This is only one of Tesseracts six dimensions. I dubbed it, World Where Silly String is Bondage Rope.
This is only one of Tesseract's dimensions. I dubbed it, "World Where Silly String is Bondage Rope." Mick Bello

One of the most platitudinous platitudes offered in defense of performance art is that the genre provides the special pleasure of immediacy. During a performance, there's a living, breathing, highly skilled artist doing something provocative right in front of you. You're sharing the same air with this person. You're "present" with this person. You're watching each rise and fall of tender taken breath, watching their ligaments strain a little, watching them stumble, watching them try—as you try everyday—to perform humanity beautifully or heinously or whateverly. And performances really are special, in that you can't see the exact same one twice.

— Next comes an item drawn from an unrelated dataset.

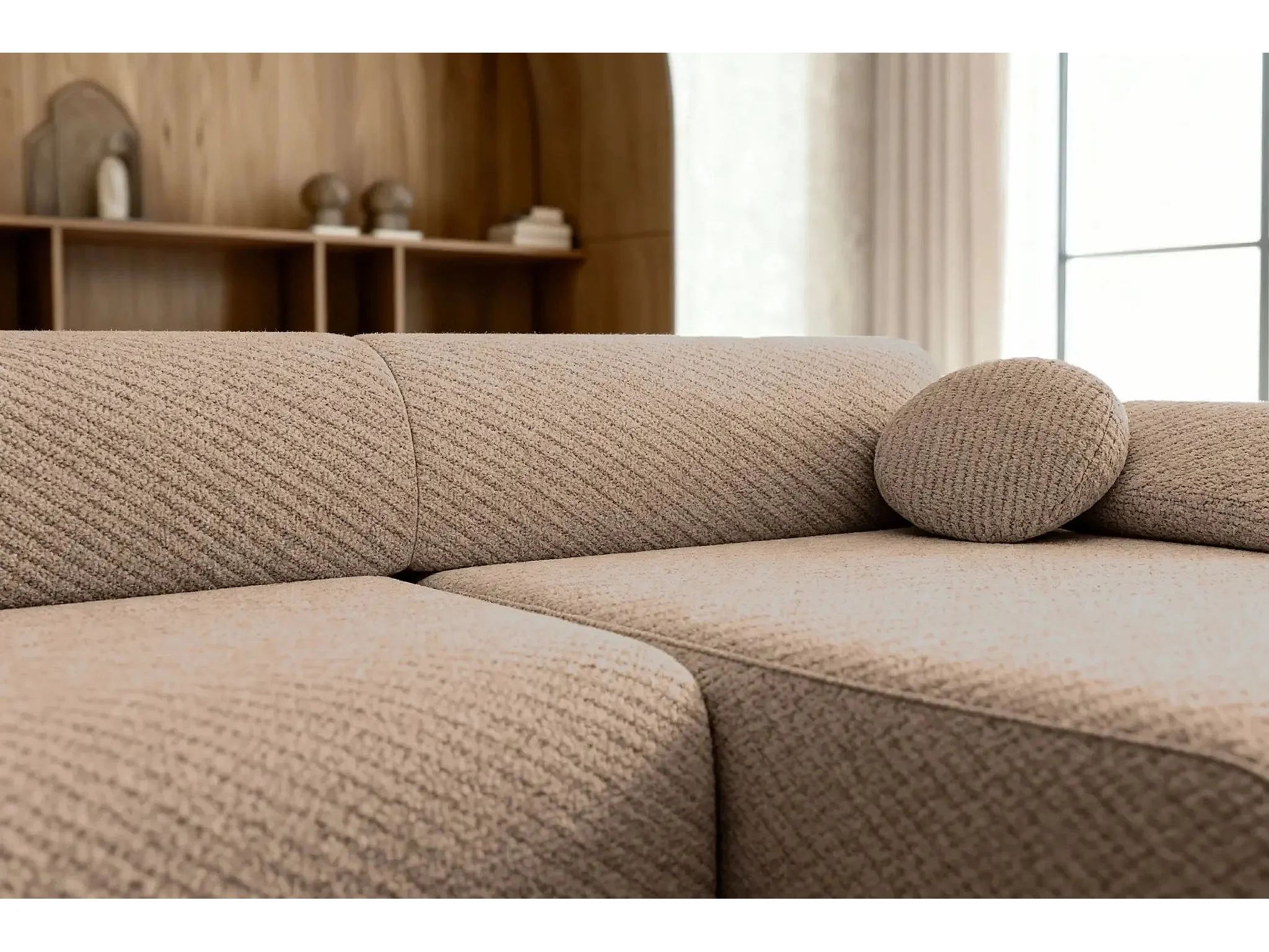 LEVI - Canapé d'angle convertible tissu lisse 3 places - Café - Gauche

In Tesseract, which runs at On the Boards through Sunday, video artist Charles Atlas and choreographers Rashaun Mitchell and Silas Riener question the living shit out of that platitude in a hallucinatory, playful, challenging, and at times even nauseating way that I've never quite seen before.

Before we get going here, it helps to know that a tesseract is a cube inside a cube. It's a representation of a 4-D thing in a 3-D world. As Carl Sagan describes beautifully in Cosmos: The Edge of Forever, our ability to perceive the fourth dimension (aka spacetime) is extremely limited because we are 3-D creatures trapped in a 3-D world.

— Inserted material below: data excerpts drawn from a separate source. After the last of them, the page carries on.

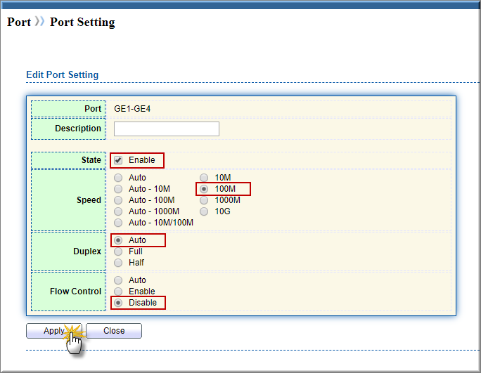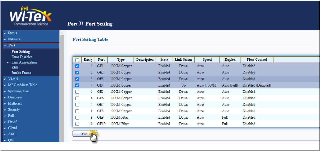 - Vào Port >> Port Settings, check chọn các port cần thay đổi, có thể chọn 1 hoặc nhiều port (ví dụ các port GE1/2/3/4) >> nhấn Edit
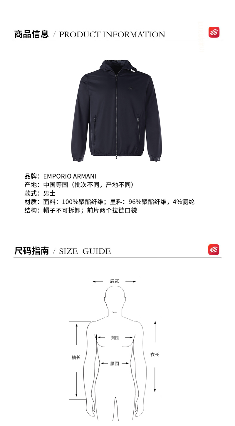 自营Emporio Armani 阿玛尼 【新品】男士深蓝色小鹰标贴饰连帽休闲上衣外套 8N1BQ0 1NZQZ 0920
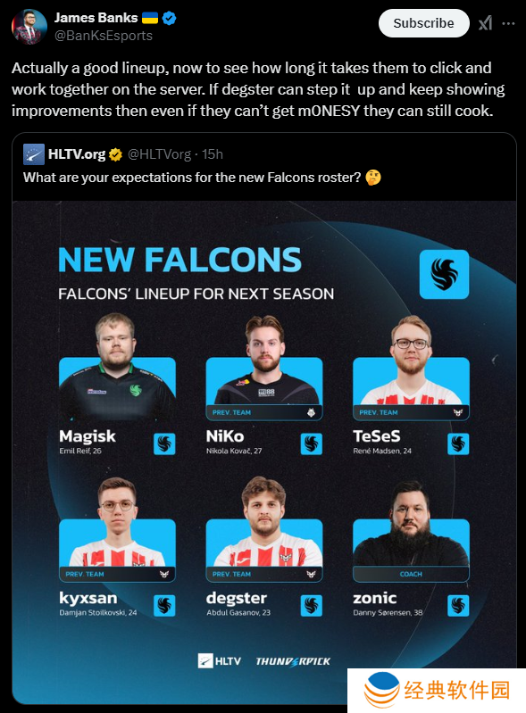 Falcons签下kyxsan、degster和TeSeS三名选手补全阵容后,知名解说BanKs在个人社交媒体账号上分享了自己对该阵容的看法。
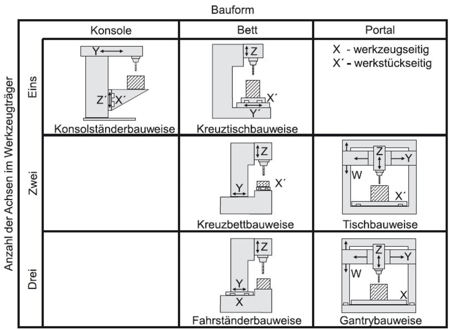 Das Werkzeug wird am so genannten Fräserschaft in die Werkzeugaufnahme der Fräsmaschine eingespannt Fräser gibt es in unterschiedlichen Abmessungen, Formen, Materialien und Qualitäten Für das Zerspanen von weichen Materialien wie Kunststoff oder Holz sind andere Schneidwerkzeuge notwendig als für die Bearbeitung von harten und höherfesten Werkstoffen wie zB gehärtetem Stahl. Beispiel Fräsmaschinen Bild 121 Bauformen horizontaler Bohr und Fräsmaschinen () Weck Die Bauformen horizontaler und vertikaler Bohr und Fräsmaschinen lassen sich nach ihrer Gestellbauform und der Verteilung der Bewegungsachsen auf Werkzeugträger bzw Werkstückträger untergliedern. Im folgenden zeige ich dir, wie du eine Auswahl zugunsten oder gegen eine Linearführung treffen kannst Wirkprinzipien von Linearführungen Bei Linearführungen wird grundsätzlich zwischen Gleitführungen und Wälzführungen unterschieden.
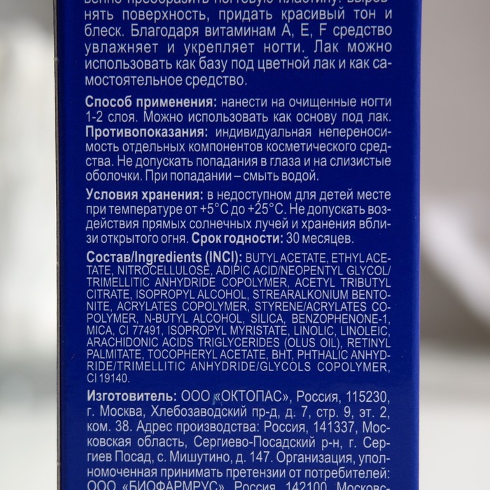 Состав: butyl acetate, ethyl acetate, nitrocellulose, adipic acid/ neopentyl glycol/trimellitic anhydride copolymer, acetyl tributyl citrate, isopropyl alcohol, strearalkonium bentonite, acrylates copolymer, styrene/ acrylates copolymer, n-butyl alcohol, silica, benzophenone-1, mica, ci 77491, isopropyl myristate, linolic acid, linoleic acid, arachidonic acid, triglycerides (olus oil), retinyl palmitate, tocopheryl acetate, bht.

You can get a sense of those limitations if you compare your hand with the shadow of your hand. If we were 2-D creatures trapped in a 2-D world, our hands would look only like the shadow of our hands. When we jump into the 3-D world, we gain all of this new information about our hand: texture, hair, freckles, etc. But what new information would we gain about our hand if we jumped into a 4-D world? It's sort of impossible to show you in the 3-D world, but that's what Tesseract is trying to do.

Conceptually, some of the questions Atlas, Mitchell, and Riener seem to be banging around in this piece include: What does "immediacy" mean in the multiverse? What does "the present" mean when time-space exists on a continuum and scientists think there are at least 10 different dimensions? What does dance look like in the fourth dimension, and can you show them all at once in a kind of cubist, or, I guess, tesseractist way? And, given the digital universe many of us occupy for most of the day, can we even have one, pure, unmediated experience with a human body in the 21st century? Would you like some weed, my dude, or are you good?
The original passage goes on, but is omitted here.